Your story is coming at a very interesting time. The country is in the middle of an era of federal funding cuts. And you mentioned that the Cahaba clinic does indeed rely on some federal funding in order to function. How exactly do these cuts impact Waits and his clinic? 

It’s a fascinating story of a program that its proponents would say is a real success. It is really working. But Dr. Waits and others who depend on this grant are very concerned that it could be cut. This particular grant that Dr. Waits depends upon has been, over the years, renewed with bipartisan support. But there is a sense that that Washington may not exist anymore. I mean, it’s a whole involved, intricate program that they have built. And if the funding goes, just that represents years and years of work that would be unwound and that is what they are worried about.

There’s a scene in your article where Waits is just kind of swimming in this sea of people in DC, all of them just scrounging to keep funding for some pretty compelling projects across the country. So I’m curious for you, why did you pick this story? Why pick Waits and his clinic out of the masses of people who are worried about losing essential funding? 

I wanted to focus on just one, one small grant, of which there are so many in so many different realms, and show what one small grant actually can do on the ground and what would happen if it went away.
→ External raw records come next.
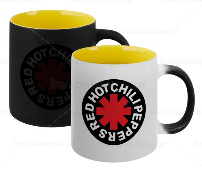 Red Hot Chili Peppers, Κούπα Μαγική εσωτερικό κίτρινη, κεραμική 330ml που αλλάζει χρώμα με το ζεστό ρόφημα
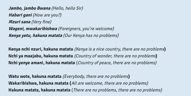 Lagið sem stúlkurnar syngja er á svahílí og kallast Jambo Bwana. Þetta er upprunalega kenískt lag sem hljómsveitin Them Mushroom sendi frá sér árið 1982. Lagið varð afar vinsælt og hafa fleiri hljómsveitir flutt það, þ.á.m. Boney M. Ein útfærsla er gjarnan sungin fyrir fjallgöngumenn þegar þeir koma niður af Kilimanjaro en það er einnig vinsælt að bjóða ferðamenn velkomna með þessum grípandi tónum. Upprunalega útgáfan er þessi:
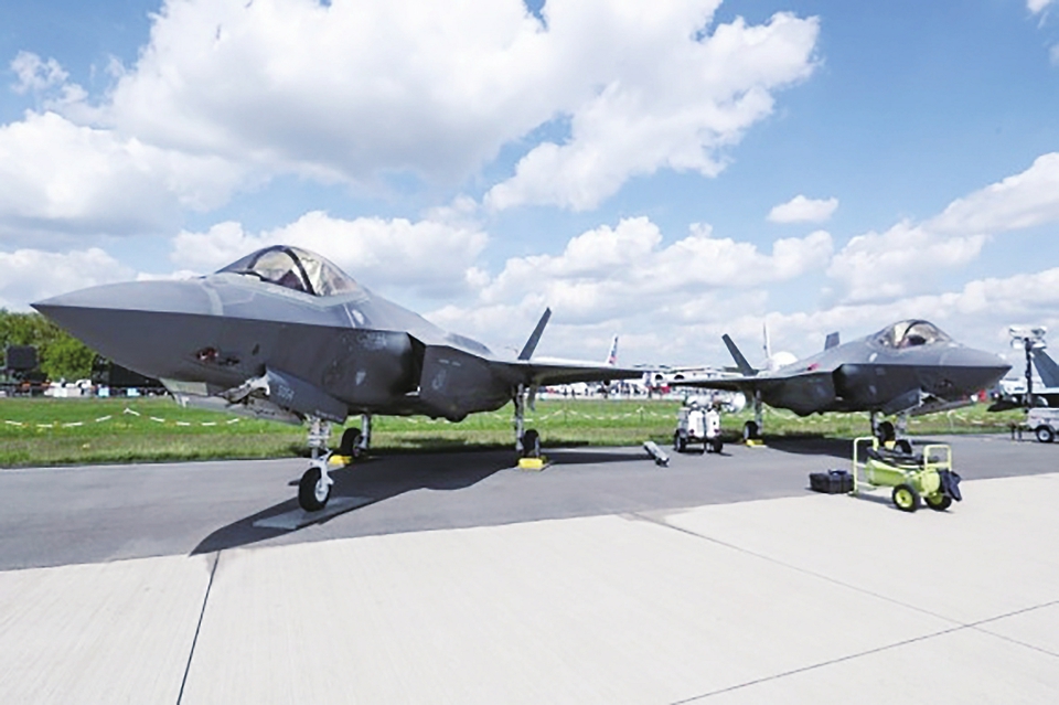 德国柏林国际航空航天展上拍摄的“F-35”型战机。新华社记者单宇琦摄
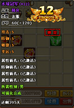 最后,小编要提醒大家,铸金的效果只能维持30天,不能续期,只能再次铸金。而且,被铸金的装备有效期不能低于30天,想一直保持装备黄金状态的弹友们,要注意给自己的装备续期和囤积各种祝福宝珠啊。
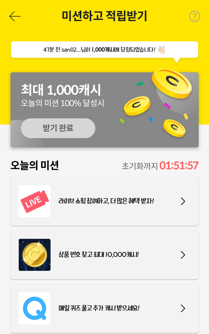 오늘의 미션 완료
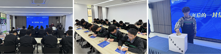 机电2413学生代表分享成为舍弗勒学徒“0到1”蜕变,23名学生在明信片上写下对未来的期许,寄送给三年后的自己。
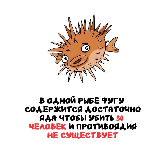Что опаснее: алкоголь или сладкая выпечка? Насколько ядовит рыбий яд фугу? Какой вкус у жареных червей? Сколько времени могут спать улитки? Ответы на эти и другие любопытные вопросы ждут вас в нашем новом сборнике удивительных фактов для каждого дня.
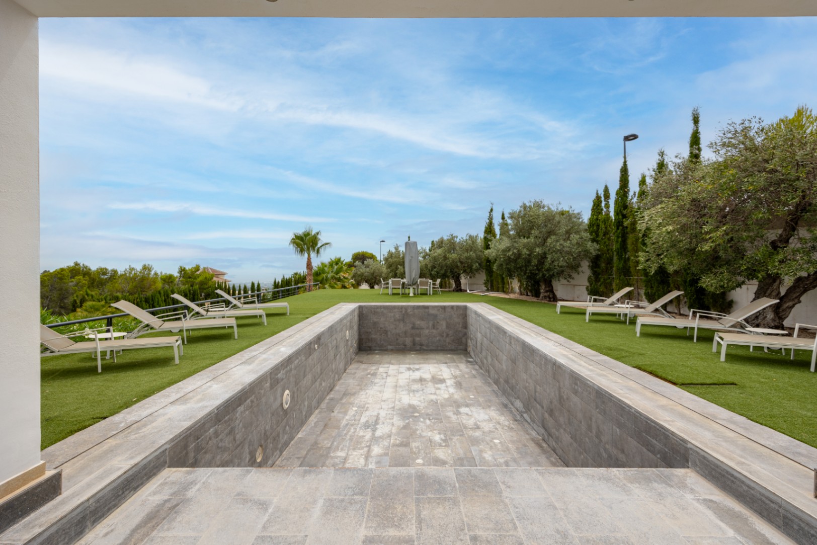 A luxurious villa of 330 square meters is offered on a plot of 2000 square meters in the prestigious area of Monterrico. This impressive property extends over two levels. The main entrance of the villa is located on the first floor. On this floor, we find a spacious living room and dining room that have a warm woodburning fireplace and large windows that open onto a covered terrace that extends to the pool.The bedrooms are designed with fitted wardrobes, ensuite bathrooms and individual terraces. The kitchen is independent and has direct access to a terrace next to the pool. In addition, on this floor, there is a toilet for greater comfort.The ground floor offers an additional entertainment area, which can be used as a games room or lounge, and has access to a large covered terrace and the beautiful gardens. On this floor, there are also two bedrooms with fitted wardrobes and private bathrooms. Likewise, there is a separate laundry room and a storage room.The pool, which measures 4 x 12 meters, is overflow and uses salt water. It is equipped with a selfcleaning system, a countercurrent swimming pump, a heat pump to keep it heated, and LED lighting with red, green, and blue color options. An automated cover of insulating louvers keeps the water clean and hot.The orientation of the house is to the south, which guarantees excellent natural lighting. The property has high quality air conditioning and heating systems from Panasonic, as well as a comprehensive security system. A large garage of approximately 50 square meters complements the space, together with an outside parking area.The villa offers spectacular panoramic views that encompass the sea, the mountains, the pool and the beautiful low maintenance Mediterranean style gardens. In addition, there is the option of enabling an additional area of about 50 square meters to create a wine cellar, a gym, a cinema room or any other space according to your preferences.

Dr. Waits is in the position that a lot of leaders are in right now: trying to make the case for why this or that program is necessary, how it is working, what damage would be done in the real world if it goes away. And sometimes in journalism, if you can go small, you can also tell a larger story. 

What does this story about the Cahaba clinic and John Waits say about the state of rural healthcare across the country, not just in Alabama?

Well, over 50% of rural America is designated as health professional shortage areas or healthcare deserts. Getting doctors into these areas has been one of the most vexing problems in healthcare. And so what Cahaba is doing in Alabama and what many other clinics are doing with this small federal grant, is actually addressing this problem. It seems to be an example of a policy actually working. For proponents of this grant, I guess the term they use is “scalable.” You know, they would say that this funding should not be cut. It should be increased. Because this is an example of something that’s actually solving a problem. It’s still a huge problem in rural America. They would be working to address things like chronic illness and somethings that are really afflicting the health of many, many millions of Americans.